I am having an issue of loading source data into a delta table/ unity catalog. The error we are recieving is the following:

grpc_message:"[DELTA_EXCEED_CHAR_VARCHAR_LIMIT] Exceeds char/varchar type length limitation. Failed check: (isnull(\'metric_name) OR (length(\'metric_name) <= 0))

We get this issue when executing the line below:

source_df.write.format("delta").mode("overwrite").option("mergeSchema", "true").save(destination_mount_filepath)

The background of this is we are loading raw data into a delta table in mounted storage.

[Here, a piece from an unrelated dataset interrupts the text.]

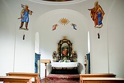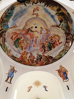 In der zentralen Kuppel befindet sich ein Fresko, welches die Krönung Mariens abbildet. Maria wird dabei von einem Engelkreis umgeben. Unter ihr befinden sich die vier Evangelisten. An den vier Ecken des Zentralbaus sind zudem die Fresken von vier Heiligen zu sehen: Vorne links – der heilige Josef, vorne rechts – die heilige Anna, hinten links – die heilige Barbara, hinten rechts – der heilige Franz von Sales.

I have tried unmounting/remounting storage and recreating the container in storage account. I have checked and validated the data and there are no rows that would fall to this match. I have tried dropping the Unity Catalog tables and using the dbutils to remove the old data behind the Catalog tables to no avail.

Paul92S · ‎04-26-2024

Hi Palash,

We have Unity Catalogs created off external table locations, which are mounted to Databricks from azure DL. If a change of schema has come from upstream this causes this issue. To resolve, read in new source schema names from raw. Performed ALTER TABLE include these new columns then had to run UPDATE SET on the columns to give them an empty string ''. This then allowed for dataframe to overwrite the files in mounted storage without causing an error

View solution in original post

Palash01 · ‎02-20-2024

Hey @Paul92S

Looking at the error message it looks like column "metric_name" is the culprit here:

Understanding the Error:

Character Limit Violation: The error indicates that values in the metric_name column are exceeding the maximum length allowed for char/varchar data types in Unity Catalog.
Schema Mismatch: This likely stems from a discrepancy between the source data schema and the existing Delta table schema.

Troubleshooting Steps:

Use source_df.printSchema() to verify the actual schema of your source data, paying close attention to the metric_name column's data type and length.
Use spark.read.format("delta").load(destination_mount_filepath).printSchema() to inspect the current schema of the Delta table.
If feasible, consider altering the metric_name column in the Delta table to accommodate longer values using ALTER TABLE TABLE_NAME ALTER COLUMN COLUMN_NAME;
If increasing column size isn't viable, explore truncating values in the metric_name column before writing to the Delta table.
If the error message refers to isnull('metric_name'), ensure there are no unintended null values in that column.
If empty strings are valid for metric_name, explicitly set those values to empty strings in the source DataFrame.
Also, check if the incremental files has a different schema vs the file you are using to create the table.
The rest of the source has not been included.